After the Risk Number is calculated, you may wonder why Riskalyze determines a portfolio to be riskier, or less risky than you initially expected. By using the Risk / Reward Heatmap, you can pinpoint which holdings are having the greatest impact on the total risk of the portfolio. You can drill down even further by viewing the specific analytics for each holding,
The Risk / Reward Heatmap provides an at-a-glance view of investments with more risk and more reward. Toggle on the Heatmap by clicking Risk / Reward Heatmap on the right-hand side of the portfolio. This will break down the diversified risk, risk and given reward within a portfolio.
Viewing a Holding's Key Analytics
You can view the specific details of any holding by clicking on the holding's name. The Risk / Return Scenario will appear with information on the holding's best case, worst case and projected returns, as well as other information. All numbers are based on our data model and are within a 95% probability range. Here's a breakdown of what's included:
- Return Mode: indicates whether the security is using the Beta-weighted, Tactical, Interest Rate Sensitive, or Average Annual Return return mode, as described here.

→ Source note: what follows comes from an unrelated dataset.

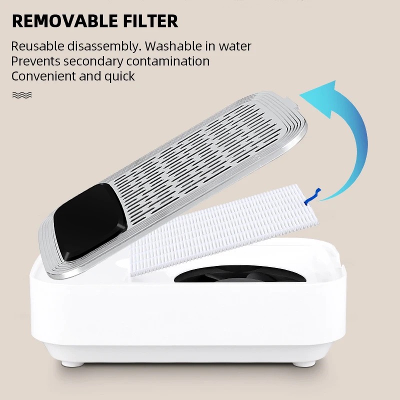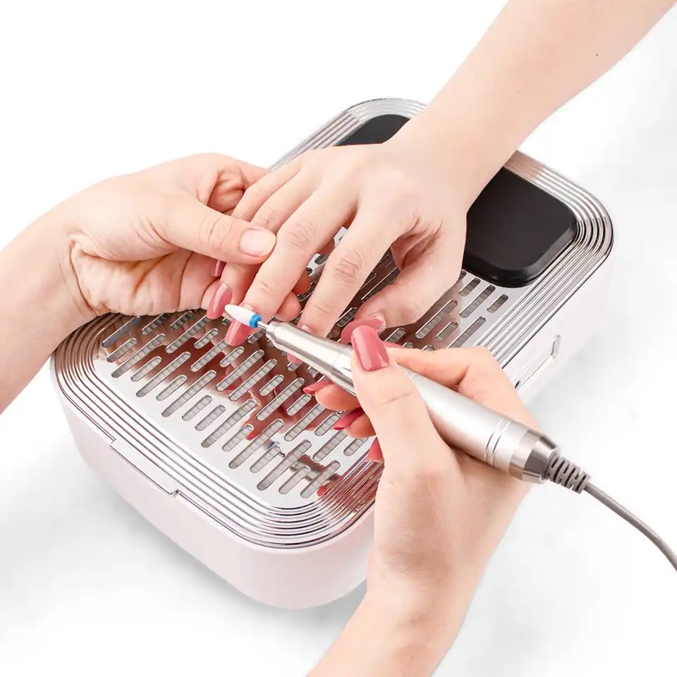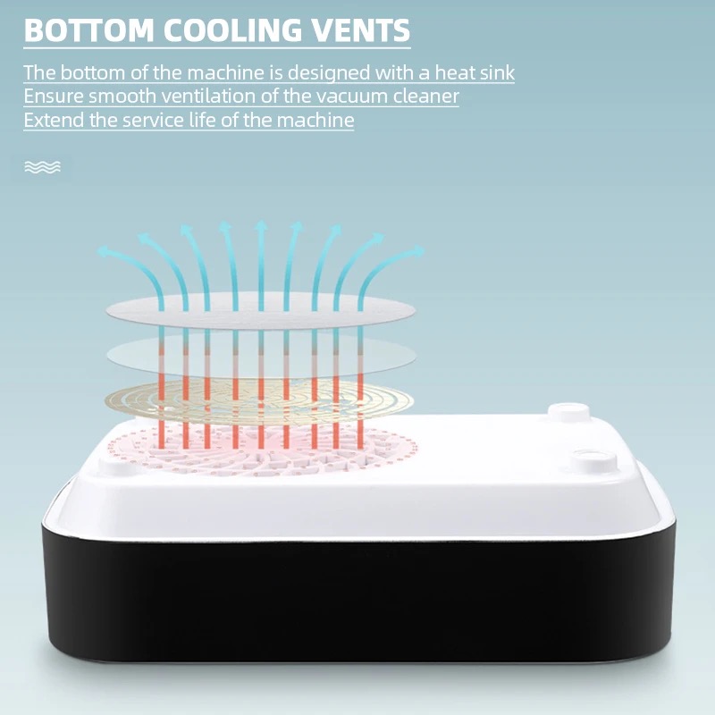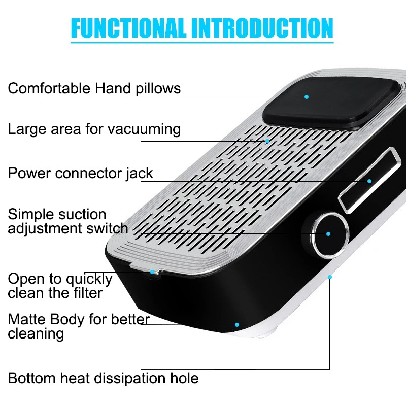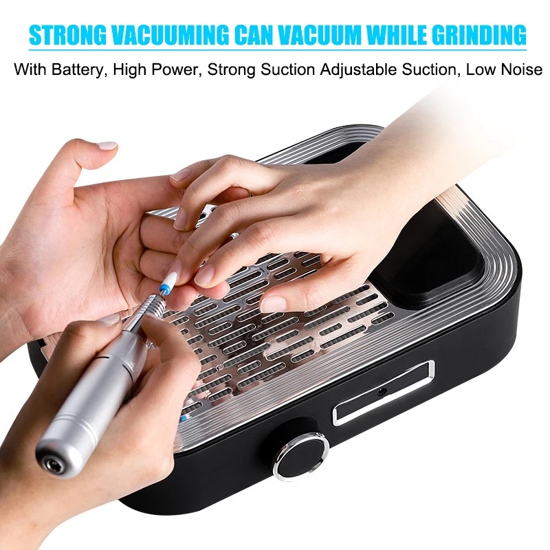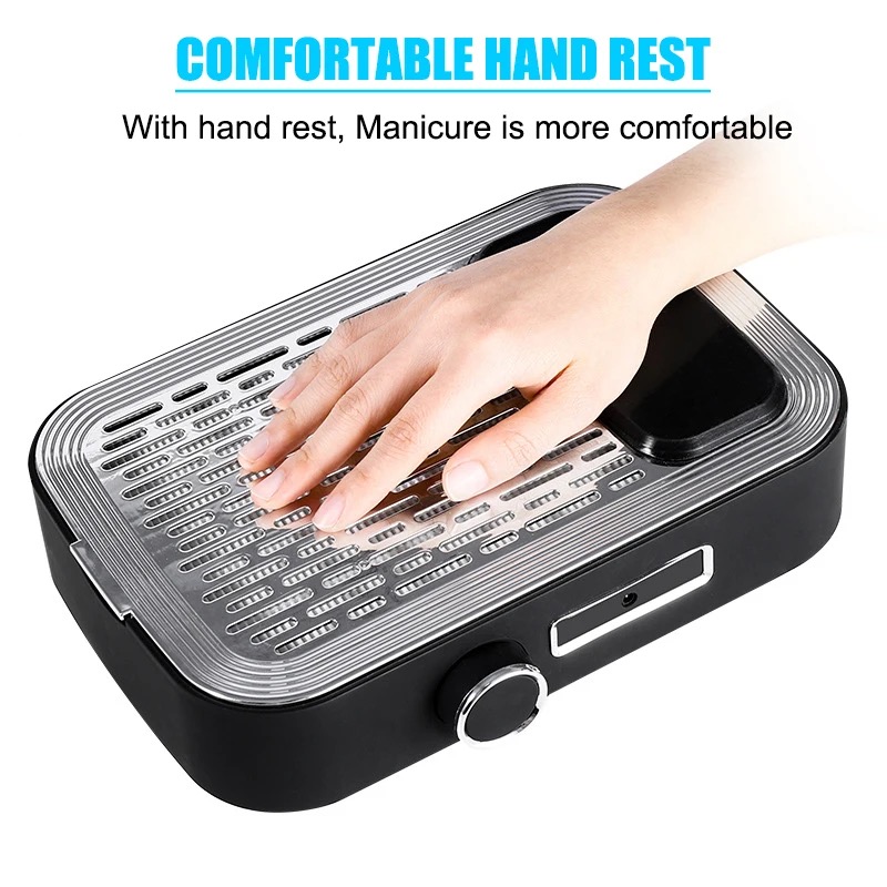 Product Description: * 80W High-power Nail Dust Collector - Are you still troubled by the dust flying when you polish your nails? 80w dust collector, perfectly solve your dust removal problem! The nail dusting machine is made of high-quality stainless steel and ABS resin, come with a powerful high-speed rotating motor, which can easily suck up dust and bring you a clean nail art making environment. Efficient Heat Dissipation & Low Noise - The bottom of the nail duster is designed with large exhaust holes for better heat dissipation. You can adjust the suction power according to your needs. Of course, the greater the suction power, the higher the power, and the noise will inevitably increase, but it will not affect your normal communication with customers, we hope vou can understand. * Comfortable Hand Pillow & Replaceable Filter - The dust collector for nails comes with a silicone hand pillow, which provides you with a comfortable manicure experience and relaxes your wrists. Comes with a replaceable filter, if you are using it personally, we recommend that you replace the filter every 4-6 months. In addition, the filter is not washable and can be cleaned by shaking it gently. If there is too much dust, you can use a hair dryer to blow off the excess dust. Versatile Use More Than Manicures - Our duster can be used not only for manicure polishing, but also to absorb dust in jewelry, small crafts, and woodworking. It is worth noting that if there is some dust left on the panel, you can clean it up by simply swiping the surface with any small brush. [Warm Tips - Our nail vacuum cleaner can be used with an adapter or without a power supply. the green light is on to indicate that it is fully charged (about 1.5hours of continuous use). The charging design is more convenient to carry, suitable for grinding fingernails and toenails. (Input voltage 110 v)

- Worst case: within the next six months, we calculate a 95% certainty that it will perform no worse than this.
- Best case: within the next six months, we calculate a 95% certainty that it will perform no better than this.
- Return: for the given security, the probable six-month return.
- Volatility: similar to beta, this depicts the potential price action swings in a six-month range.
- Annual dividend: trailing twelve months (TTM) of normal dividends.
- Expense Ratio: the annual expense ratio of the security.
By examining each of these variables, it becomes incredibly simple for an advisor to identify which investments are adding the most risk, which are adding the most reward, and how to adjust the portfolio in the client’s favor.